**Exercise aim:** The answer must be an exact copy of every entry, with no pictures in it.

* * *

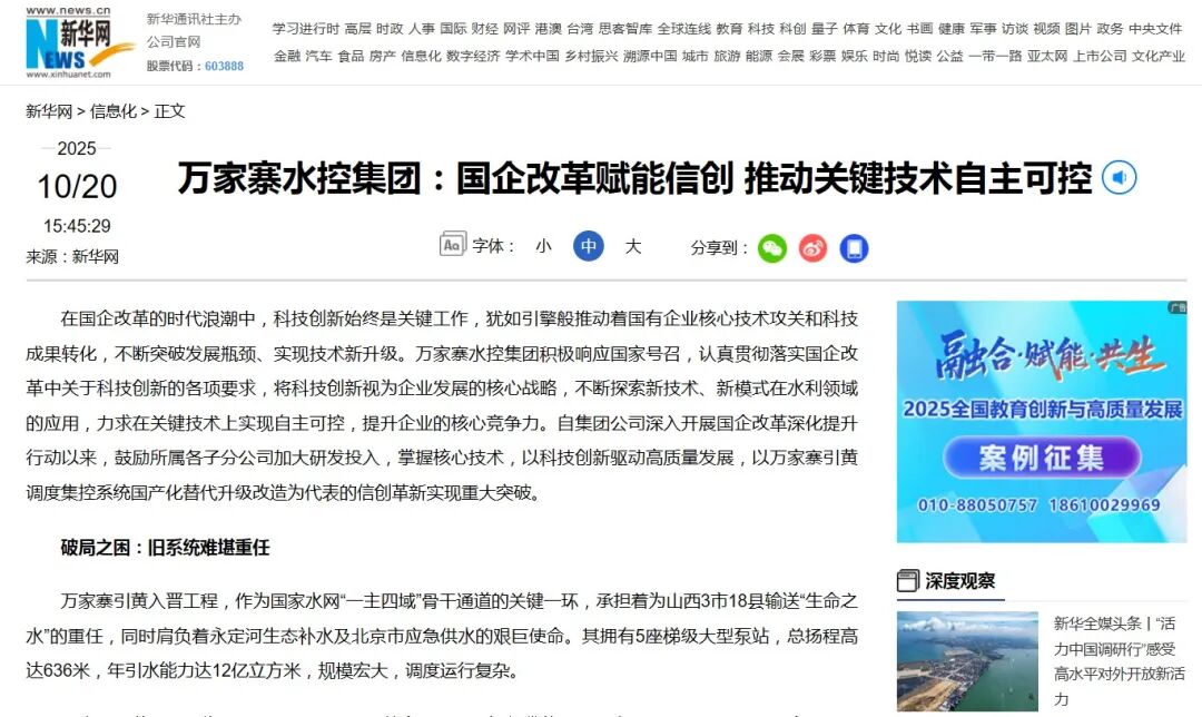 近日,新華網(wǎng)、科技日?qǐng)?bào)、中國水利報(bào)、工人日?qǐng)?bào)等多個(gè)國家級(jí)媒體將鏡頭對(duì)準(zhǔn)萬家寨水控集團(tuán),聚焦國企改革信創(chuàng)工作,通過多維度、多篇幅、深層次報(bào)道,重點(diǎn)展現(xiàn)企業(yè)將科技創(chuàng)新作為高質(zhì)量發(fā)展的核心戰(zhàn)略,持續(xù)提升核心競爭力的實(shí)踐成效。
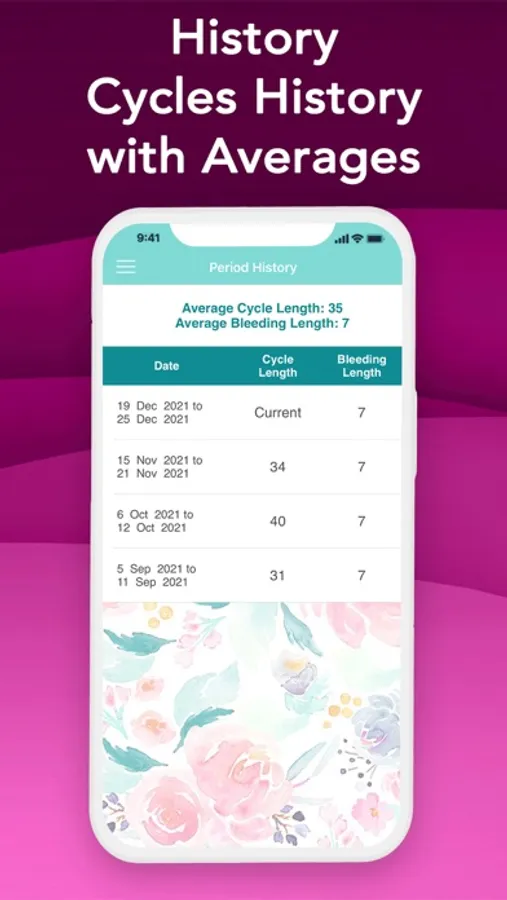 The app also records your entire period history, so you can see you past cycles as well as your average cycle and bleeding length.
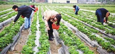 12月14日,海口天气晴好,不少市民利用周末时间前往郊区草莓种植园,摘草莓、品草莓、话草莓,开心体验农家乐。
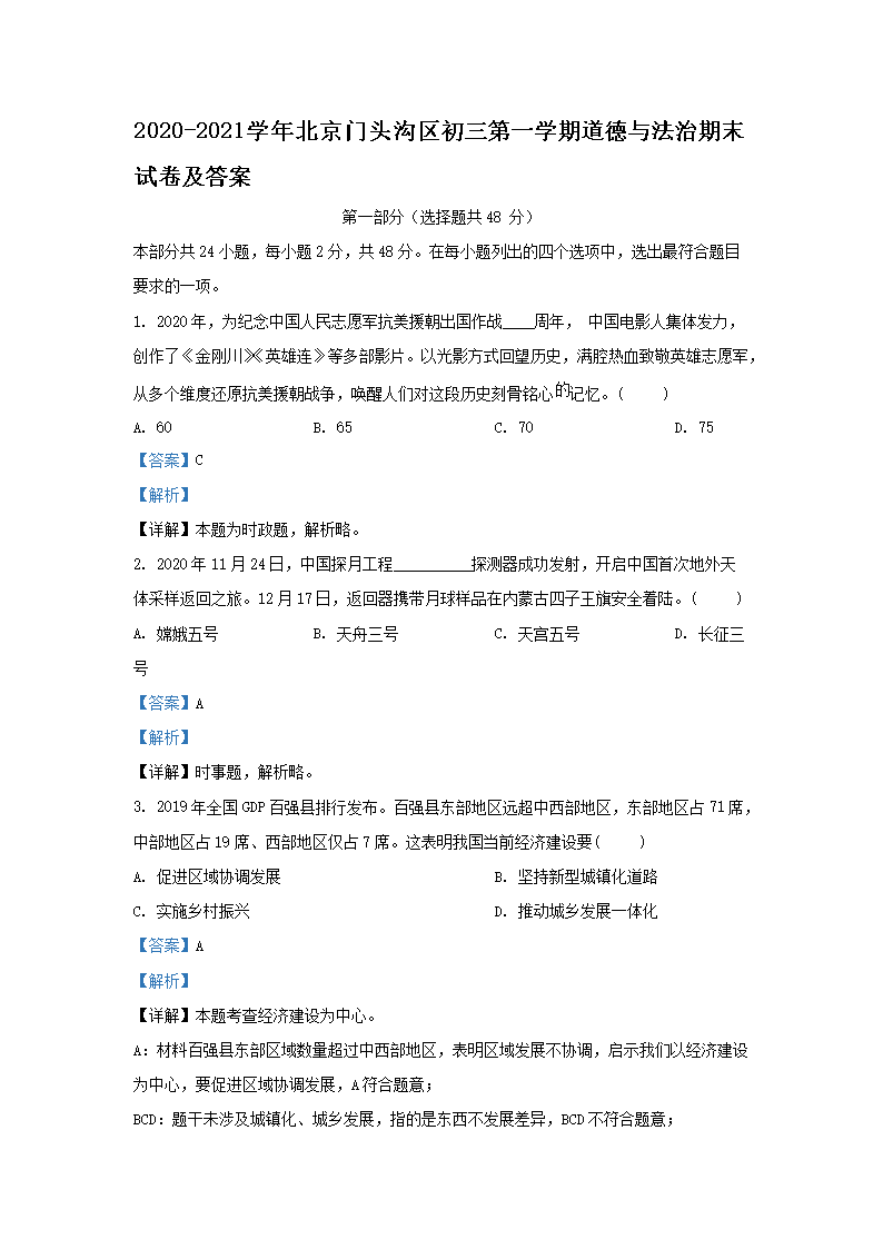 【文档预览】 文档大全网整理发布2020-2021学年北京门头沟区初三第一学期道德与法治期末试卷及答案(Word版),前五页预览如下:
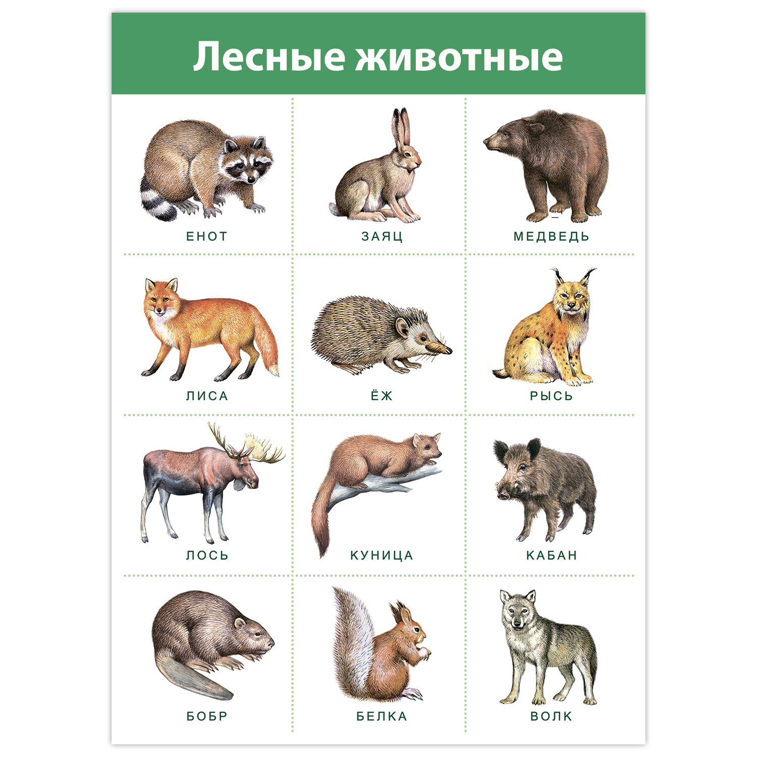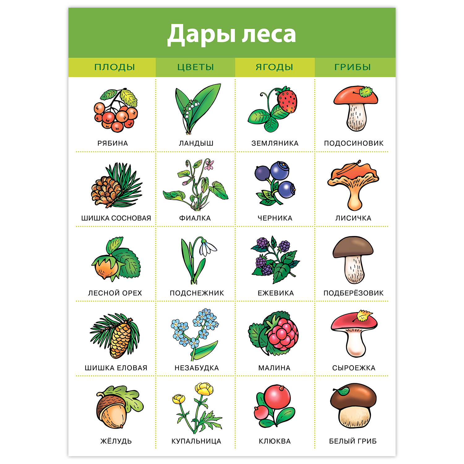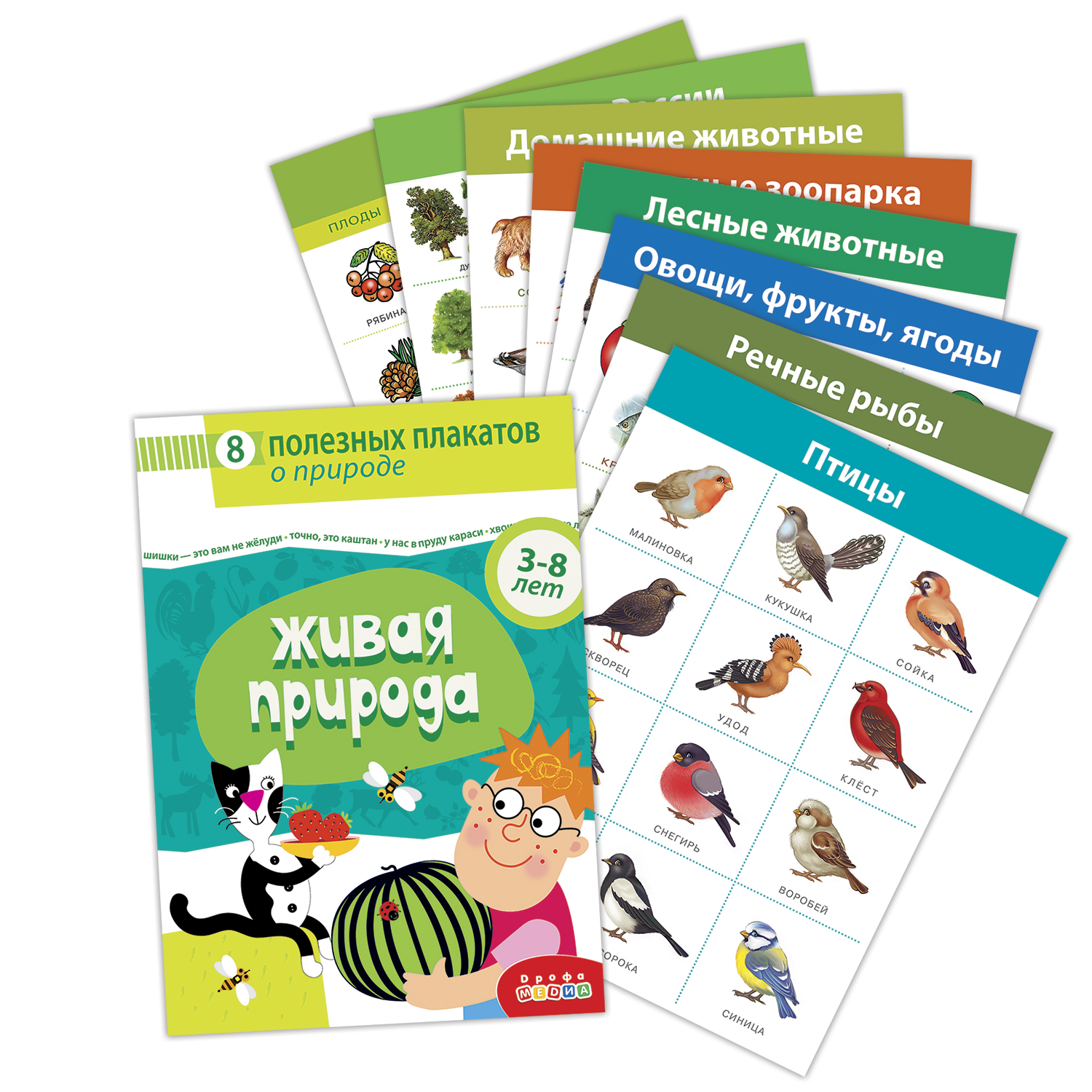 Плакаты из комплекта «Живая природа» помогут сформировать представление о мире растений и животных. Ребёнок научится различать виды зверей, птиц, рыб, запомнит названия любимых фруктов и ягод.
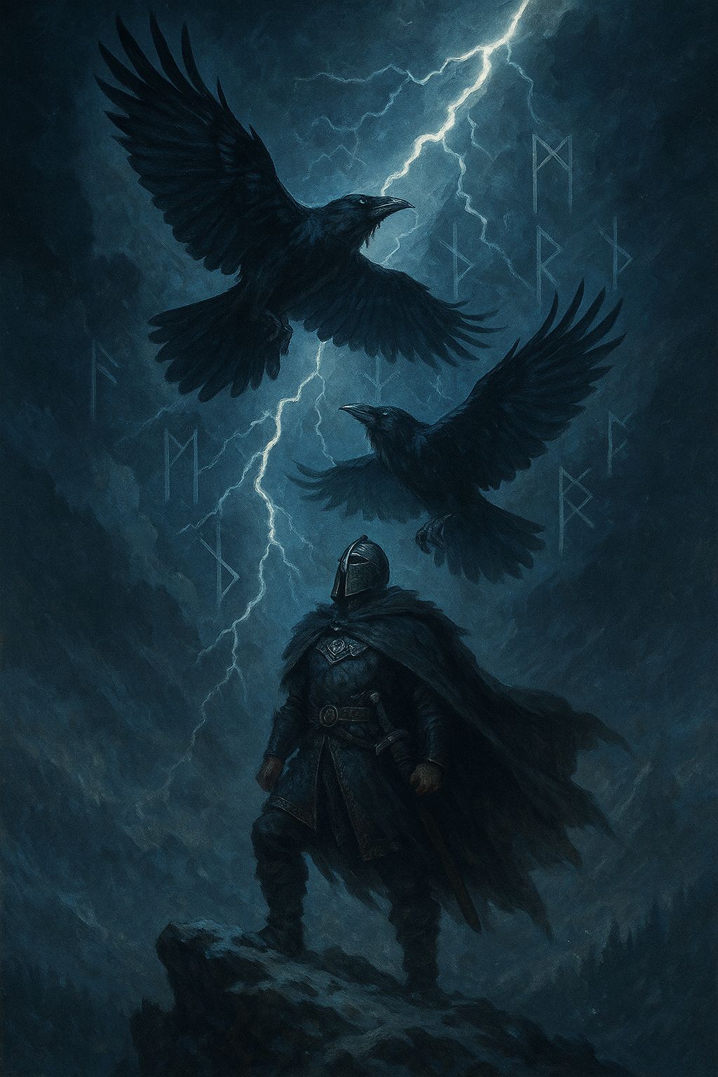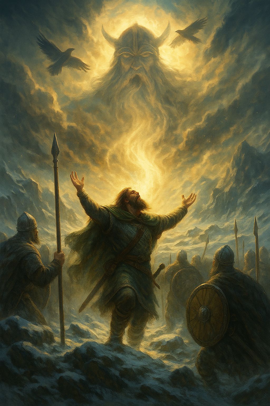 Cinematic Nordic folk-metal anthem infused with Norse mythic undertones, 102 BPM, D minor, Opens with the sound of wind and cawing ravens echoing over distant thunder, Ethereal female lead vocals with deep male chant harmonies create a ritualistic tone, Slow war drums and low horns build like an ancient storm, Midsection introduces cello and nyckelharpa weaving around throat-sung drones, symbolizing divine whispers, Bridge erupts into a choral invocation with layered harmonies and thunder cracks, then resolves into a soft wind and wingbeats, Mood: divine, ominous, awakening, reverent, #vikingfolk #nordic #folkmetal #norse #cinematic #chant #raven #northwind #epic #spiritual
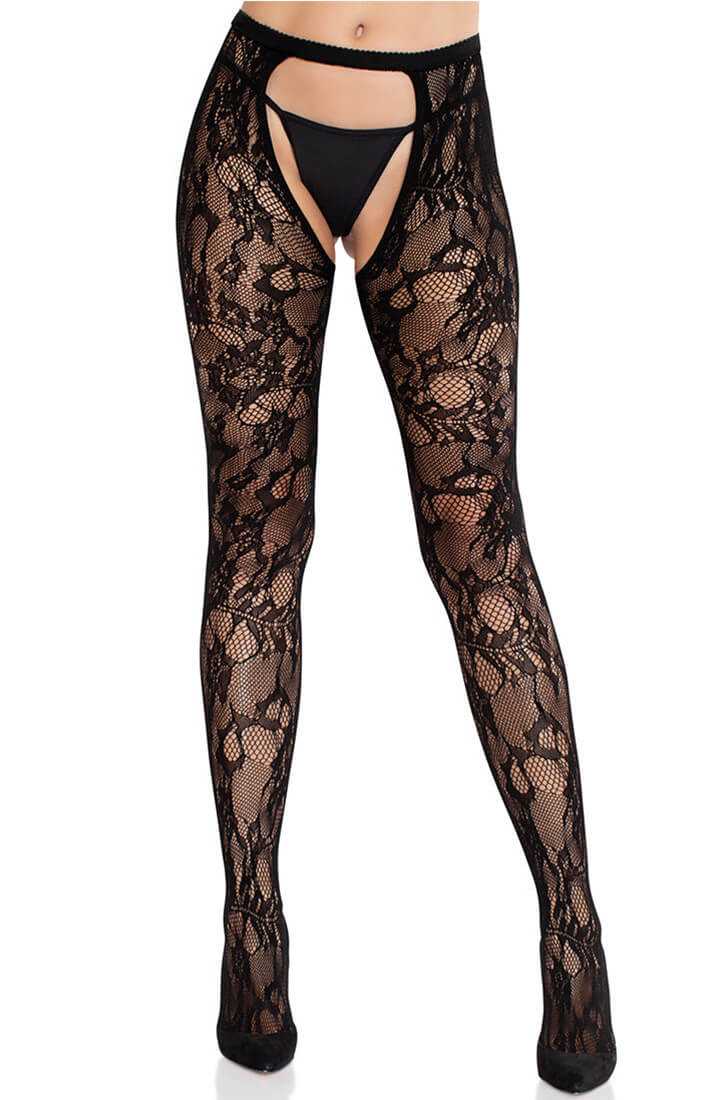 Some secrets are not meant to stay hidden. These sheer floral lace tights turn up the heat with a full crotchless and open-back design that leaves very little - and just enough - to the imagination.

* * *

**Exercise answer:**
 近日,新華網(wǎng)、科技日?qǐng)?bào)、中國水利報(bào)、工人日?qǐng)?bào)等多個(gè)國家級(jí)媒體將鏡頭對(duì)準(zhǔn)萬家寨水控集團(tuán),聚焦國企改革信創(chuàng)工作,通過多維度、多篇幅、深層次報(bào)道,重點(diǎn)展現(xiàn)企業(yè)將科技創(chuàng)新作為高質(zhì)量發(fā)展的核心戰(zhàn)略,持續(xù)提升核心競爭力的實(shí)踐成效。
 The app also records your entire period history, so you can see you past cycles as well as your average cycle and bleeding length.
 12月14日,海口天气晴好,不少市民利用周末时间前往郊区草莓种植园,摘草莓、品草莓、话草莓,开心体验农家乐。
 【文档预览】 文档大全网整理发布2020-2021学年北京门头沟区初三第一学期道德与法治期末试卷及答案(Word版),前五页预览如下:
 Плакаты из комплекта «Живая природа» помогут сформировать представление о мире растений и животных. Ребёнок научится различать виды зверей, птиц, рыб, запомнит названия любимых фруктов и ягод.
 Cinematic Nordic folk-metal anthem infused with Norse mythic undertones, 102 BPM, D minor, Opens with the sound of wind and cawing ravens echoing over distant thunder, Ethereal female lead vocals with deep male chant harmonies create a ritualistic tone, Slow war drums and low horns build like an ancient storm, Midsection introduces cello and nyckelharpa weaving around throat-sung drones, symbolizing divine whispers, Bridge erupts into a choral invocation with layered harmonies and thunder cracks, then resolves into a soft wind and wingbeats, Mood: divine, ominous, awakening, reverent, #vikingfolk #nordic #folkmetal #norse #cinematic #chant #raven #northwind #epic #spiritual
 Some secrets are not meant to stay hidden. These sheer floral lace tights turn up the heat with a full crotchless and open-back design that leaves very little - and just enough - to the imagination.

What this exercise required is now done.